Everything About Support Vector Classification — Above and Beyond

A comprehensive read on support vector classification

Published in

Towards Data Science

8 min readMar 30, 2022

Machine learning opens a lot of possibilities when it comes to identifying and solving specific problems in your field. Trying to master Machine Learning can be both complex and difficult to understand at times. Most beginners start by learning regression for its simplicity and ease, yet that doesn’t solve our purpose! One can do so much more than just regression when it comes to using different types of algorithms for different applications.

Classification is one such field of application for various supervised learning algorithms. With the exception of unnatural trends and momentum, often these classifiers have similar performance. However, when it comes to the complexity of the data and its scope, Support Vector Machines can be a good choice to articulate better decisions.

Before continuing with this article, I would suggest you do a quick read-through of my previous articles — A Quick and Dirty Guide to Random Forest Regression, and Unlocking the True Power of Support Vector Regression to swot upon the concepts of Ensemble Learning and SVMs. If you find this article informative, do consider clapping for this article so that it reaches more people, and follow me for more #MachineLearningRecipes.

Support Vector Machine Under the Hood

Everything that happens in Machine Learning has a direct or indirect mathematical intuition associated with it. Similarly, with Support Vector Machines, there’s plenty of mathematics in the sea. There are various concepts such as length and direction of the vector, vector dot product, and linear separability that concern the algorithm.
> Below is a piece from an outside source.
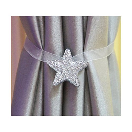 Shinywear Cute Bling Star Magnetic Curtain Ropes Ribbon Decorative Tiebacks Holdbacks Pack of 2 (Silver)
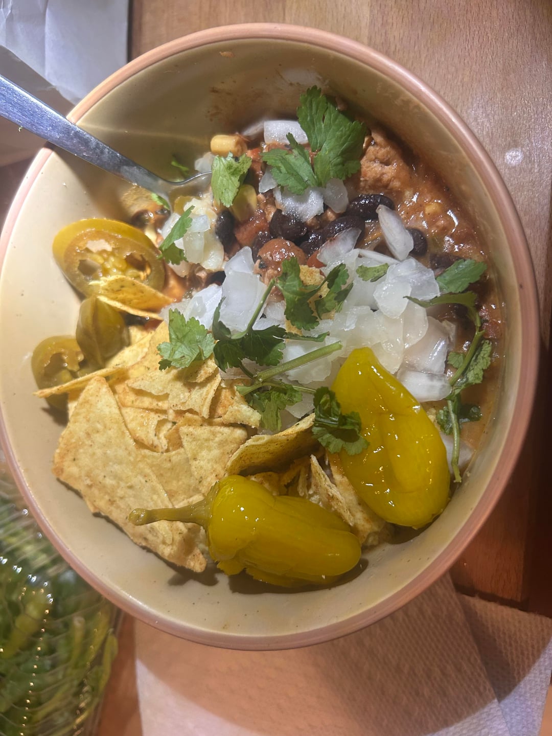 Diner was a turkey and bean chili topped with Quest protein chips, raw onions, jalapeños, pepperoncini and cilantro

While this is an important part of the study, it is mostly studied by researchers, trying to optimize and/or scale the algorithm. In this section, we will only look into the mathematical intuition behind defining the hyperplane and the classifier. The two-dimensional linearly separable data can be separated by a line. The function of a straight line is given by y=ax+b. On renaming x with x1 and y with x2, we get ax1−x2+b=0.

If we define x = (x1,x2) and w = (a,−1), we get: w⋅x+b=0. This is the equation of the hyperplane. Once the hyperplane has been defined, it can then be used to make predictions. The hypothesis function h. The point above or on the hyperplane will be classified as class +1, and the point below the hyperplane will be classified as class -1.

What are Support Vector Machines?

Support Vector Machines or SVMs have supervised learning algorithms that can be used with both regression and classification tasks. Owing to its robustness, it’s generally implemented for solving classification tasks. In this algorithm, the data points are first represented in an n-dimensional space. The algorithm then uses statistical approaches to find the best line that separates the various classes present in the data.

If the data points are plotted in a 2-dimensional graph, then the decision boundary is referred to as a straight line. However, if there are more than two dimensions, these are referred to as hyperplanes. While there may be multiple hyperplanes that separate the classes, SVM chooses the one with the maximum distance between the classes.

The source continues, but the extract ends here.